Сигнал Семичасного, еле слышный на расстоянии двух километров, отозвался эхом на соседних заставах. Бойцы «Казачки» седлали коней, когда дежурные на «Гремучей» и «Маленькой» закричали: «В ружье!» Здесь тоже все было известно на ощупь: маузеры, седла, пулеметные ленты, тропы, камни, облюбованные снайперами, сопки, обстрелянные сотни раз на учениях.
Проводники вывели на тропы молчаливых овчарок. Конники на галопе пошли по распадкам, с маху беря ручьи и барьеры из валежин. Пулеметчики слились с камнями, хвоей, пропали в траве.
Наконец десятки людей услышали беспорядочные слабые звуки — точно дятлы вздумали перестукиваться ночью.
Прошло полчаса… Соседние заставы, выславшие усиленные наряды, продолжали ждать. Никто не имел права бросить силы к «Казачке», оголив свой участок.
И вдруг зеленая ракета беззвучно поднялась в воздух. Описав огромную дугу, она долго освещала мертвенным светом вершины голубых дубов и лесные поляны. Дятлы опешили, а затем застучали еще настойчивее. Дубах вызвал начальника отряда.
— В Минске идет снег, — предупредил он спокойно.
Эта метеорологическая сводка настолько заинтересовала начальника, что он тут же поделился новостью с маневренной группой и авиачастью, находившейся в ста километрах от границы.
— Два эскадрона к Минску, галопом! — приказал он маневренной группе. — Предупреждаю: в Минске снег, — сообщил он командиру авиачасти.
— Греемся, — лаконично ответила трубка.
…В остальном в Приморье было спокойно.

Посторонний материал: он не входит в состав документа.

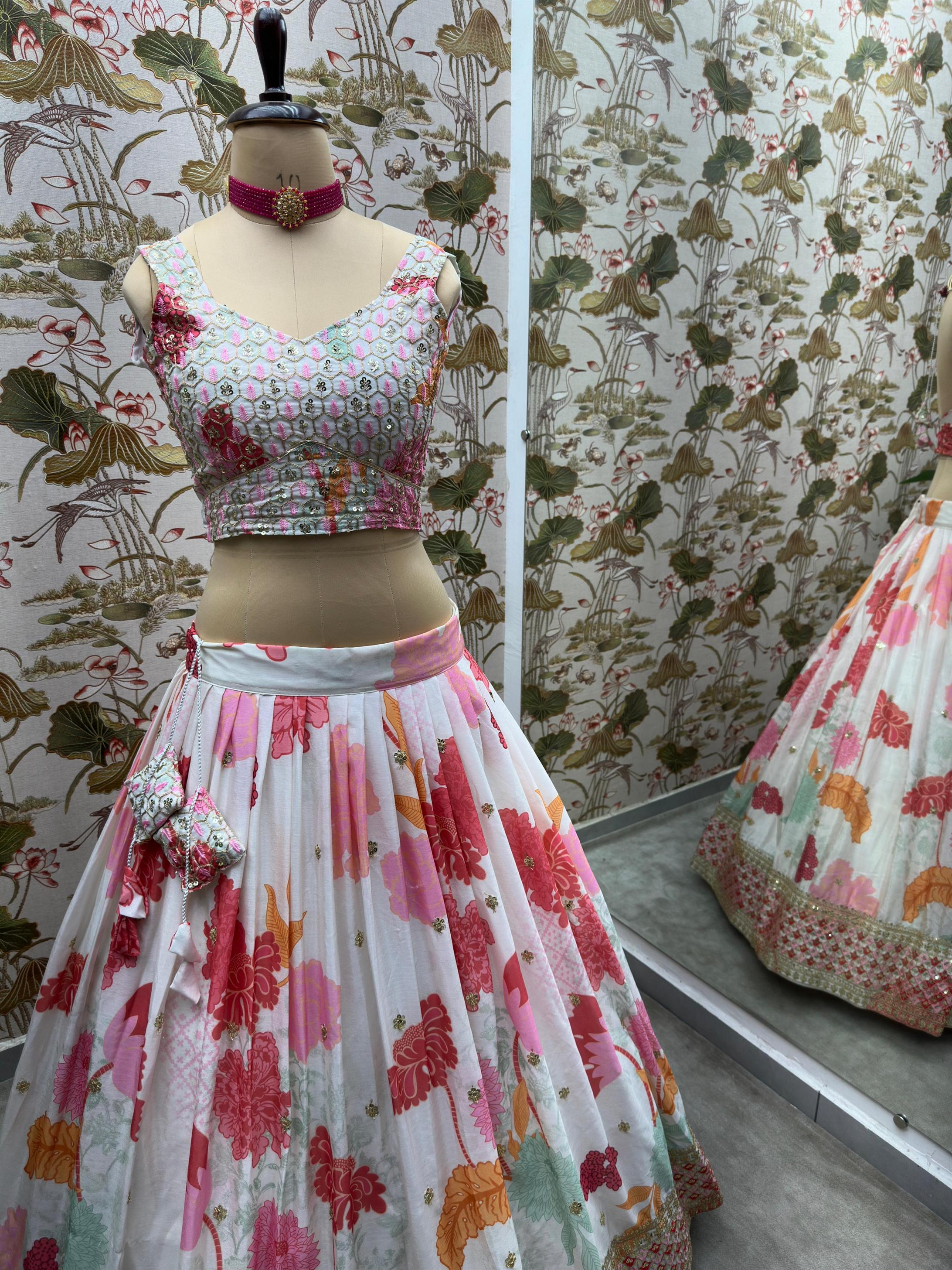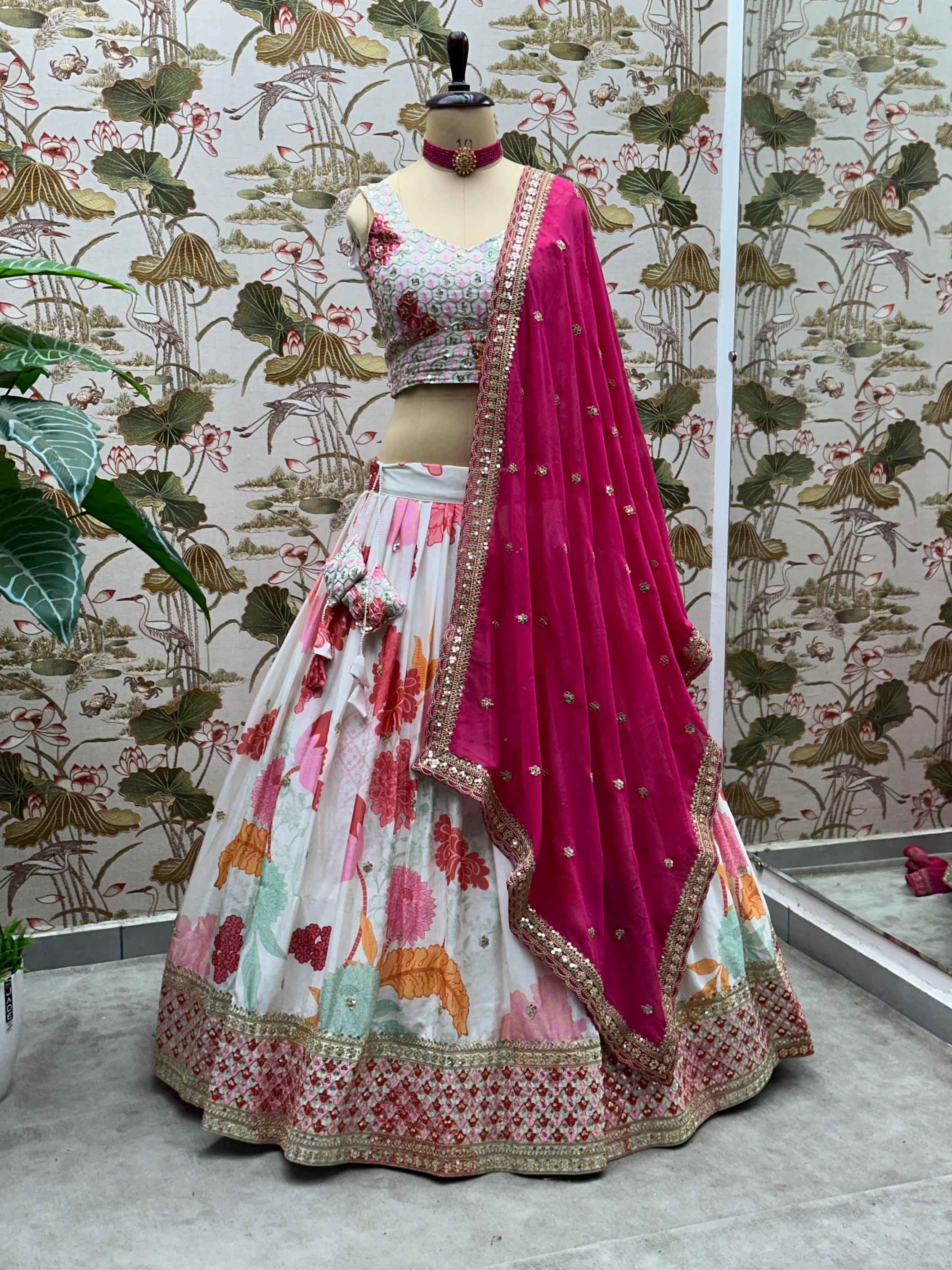 🌼designer Lehenga Choli🌼 ✨ Bloom with elegance ✨ DVD ON5081 Lehenga (semi Steach) Lehenga Waist :42” Length :42” Blouse (Unstitched) Dupatta
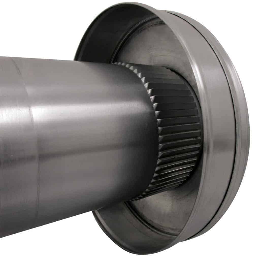 The Roof Jack’s tailpipe is 2 inches long and is corrugated at the bottom to fit existing ductwork. This allows for a quick and easy installation.

В полях возле Черниговки гремели молотилки. Посьетские рыбаки уходили в море, поругивая морозец. На амурских верфях электросварщики, работавшие под открытым небом, зажигали звезды ярче Веги и Сириуса… Летчик почтового самолета видел огненное дыхание десятков паровозов. Шли поезда, груженные нефтью, мариупольской сталью, ташкентским виноградом, учебниками, московскими автомобилями. В шестидесяти километрах от места перестрелки рыбак плыл по озеру в поселок за чаем, вез белок, вспугивал веслами глупую рыбу и пел, радуясь тишине осеннего утра.
Ни один чехол не был снят в эту ночь с орудий укрепленной полосы.
Сопка Мать походила на казацкое седло. Широкая, затянутая бурой травой, она лежала между падями Козьей и Рисовой. Правым краем это седло упиралось в ручей, против левого расстилались кусты ежевики и солонцы — плешивый клочок земли, истоптанный и изрытый зверьем.
Отделенные от сопки широкой поляной, стояли по ту сторону границы невысокие голые дубки. Траву на поляне и сопках никогда не косили. Дикой силой обладала рыжеватая почва, не видевшая никогда лемеха. Будяки вытягивало здесь ростом с коня, ромашки разрастались пышнее подсолнухов. Щавель, лилии, повилика, курослеп, лебеда, лютик, гвоздика соперничали в силе, ярости и жестокости, с которой они душили друг друга. Иногда властвовали здесь ромашки, делавшие поляну чистой и строгой. Иногда лиловым пламенем вспыхивал багульник или ноготки заливали сопки медовой желтизной. К осени все это пестрое сборище выгорало, твердело, превращаясь в густую пыльную шкуру.